01:090:293:04 Index# 15508
Professor Sarah McHam, SAS - Art History
T 09:50A - 12:50P
Honors College, Rm. N-106
College Avenue Campus

 


Course WILL count for major or minor credit in Art History

This seminar examines the art and life of Michelangelo Buonarroti (1475-1564), arguably the greatest artist who ever lived. Although he is best known as a sculptor and painter, Michelangelo was also an architect, poet, and civil engineer.  We will look at his sculpture and painting within the context of their locations in Florence and Rome, and investigate his artistic, religious, political, economic, and personal motivations. Each week there will be assigned readings available in PDFs on the seminar website. Everyone must do the assigned readings and come to class ready to take part in discussion. Starting in week two, each week a small group of students will be responsible for presenting the readings and prompting discussion.  I will take the class through an overview of the period of Michelangelo’s career and the larger issues during the first part of the class.  Then the assigned group will present the readings. Students will also choose a subject on which to do research, present their findings to the seminar in a 20-minute oral report, and then write them up as a research paper due at the end of the semester. The research paper will be done in stages: thesis proposal, annotated bibliography, outline, first draft, and final draft.

SARAH MCHAM, is a specialist in Italian painting and sculpture between 1200 and 1600. Her book on the influence of Pliny the Elder on Italian art and art theory was published by Yale University Press in February 2013. Recent publications include articles such as “Pliny’s Influence on Vasari’s First Edition of the Lives,” Artibus et Historiae, 64 (2011), 9-23; “Giambologna’s Equestrian Monument to Cosimo I: The Monument Makes the Memory,” Patronage and Italian Renaissance Sculpture, ed. Kathleen Wren Christian and David J. Drogin, Surrey: Ashgate, 2010, 195-222; “Donatello’s Judith as the Emblem of God’s Chosen People,” The Sword of Judith: Judith Studies across the Disciplines, ed. Kevin R. Brine, Elena Ciletti and Henrike Lähnemann, Cambridge: Open Book Publishers, 2010, 307-24;“Tomba come testamento: Il monumento funerario di Andrea Bregno,” Andrea Bregno: Il senso della forma nella cultura artistica del Rinascimento, ed. Claudio Strinati and Claudio Crescentini, Rome: Ministero per i Beni e le Attività Culturali and Maschietto editore, 2009, 414-29, and “Reflections of Pliny in Giovanni Bellini’s Woman with a Mirror,” Artibus et Historiae,  58 (2008), 157-71.

She also contributed to the exhibition and catalog, An Antiquity of Imagination : Tullio Lombardo and Venetian High Renaissance Sculpture, ed.
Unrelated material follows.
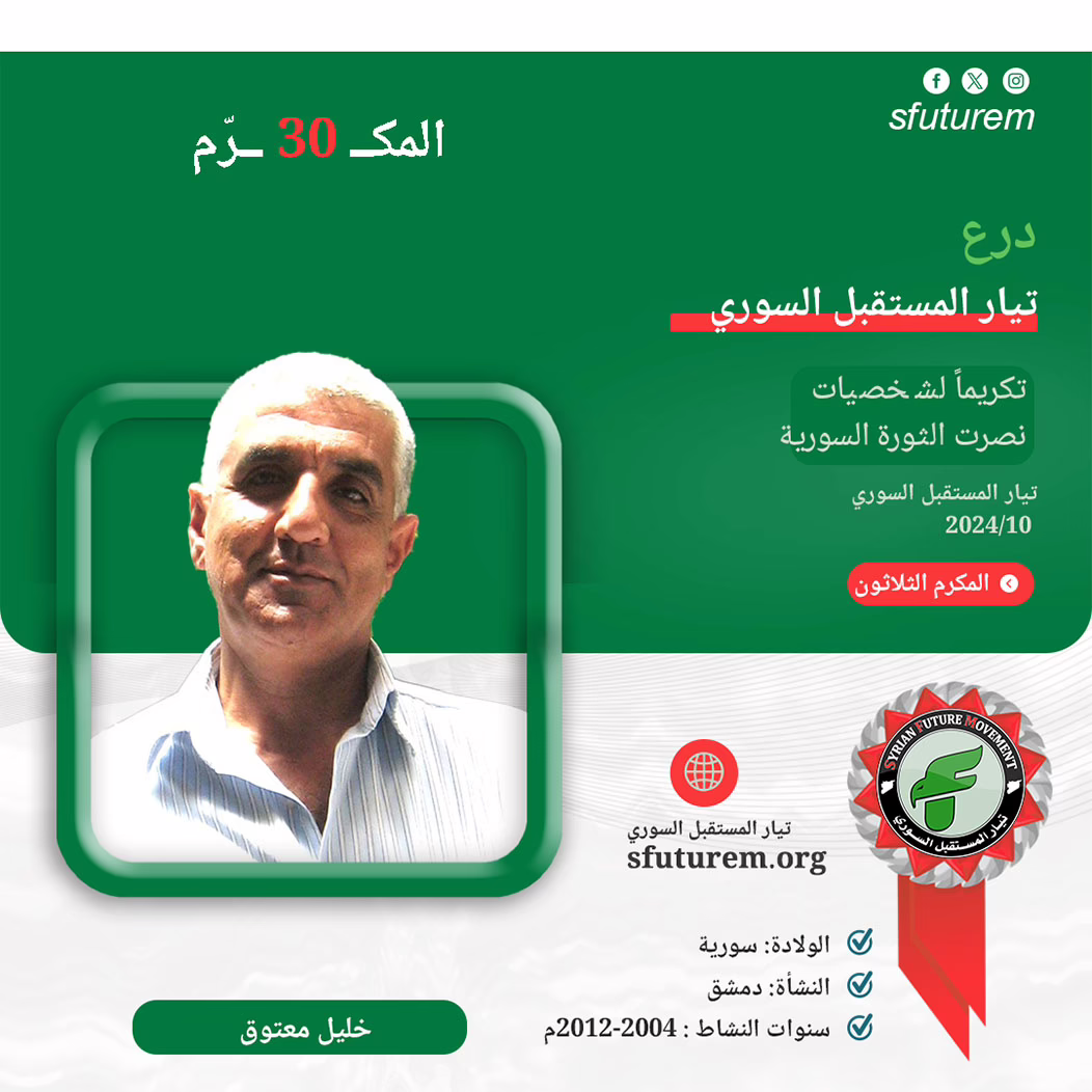 إننا في تيار المستقبل السوري، ولأجل تاريخه النضالي والسياسي والوطني الحافل والغني، ولوقوفه مع أبناء شعبه قبل وبعد ثورتهم ضد الظلم والطغيان، وعرفاناً منّا بالجميل لقامات سورية ورجالاتها العظماء، فإننا نقدّم درع تيار المستقبل السوري هذا الأسبوع لـِ المحامي الإنساني الوطني “خليل معتوق” درعاً سوريّاً رمزيَّاً يحمل رؤيتنا ومنهجنا الوطنيَّ الجامع، متمنين أن نراه بيننا قريبا بخير وعافية كما ستكون سورية.
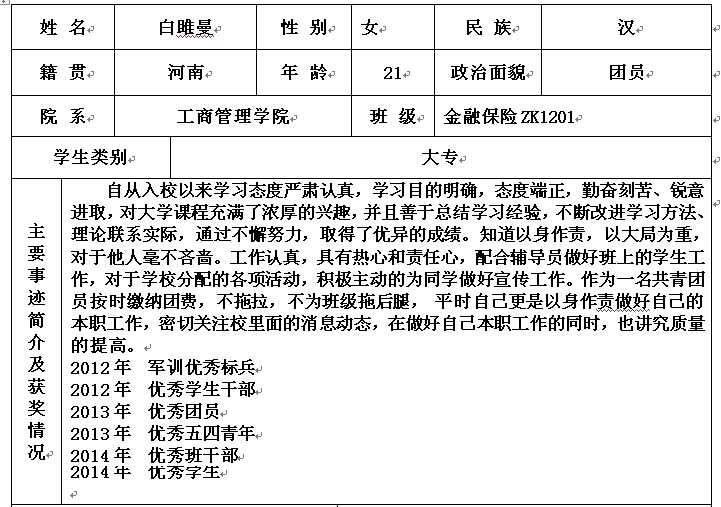 重庆科创职业学院2015年优秀毕业生——白雎曼

Alison Luchs, to be held at the National Gallery of Art, Washington, D.C., 4 July – 31 October 2009.  Her book, The Chapel of St. Anthony at the Santo and the Development of Venetian Renaissance Sculpture (Cambridge University Press, 1994), was the first historical assessment of the design and decoration of the burial chapel of St. Anthony of Padua, a major artistic commission of sixteenth-century Italy.  She has also published many essays and articles on fifteenth-century and sixteenth-century sculpture and painting in Tuscany and in the Venetian Empire.  

She has advised recently completed dissertations on such topics as Medici patronage of art in the Grand Duchy during the late 16th and early 17th century; the role of painted labels (cartellini) in fifteenth- and sixteenth-century painting; the painted illustrations of Virgil’s pastoral poetry; representations of the non-married ideal beloved in the Renaissance, and on the earliest representations of Mary Magdalen in Italy.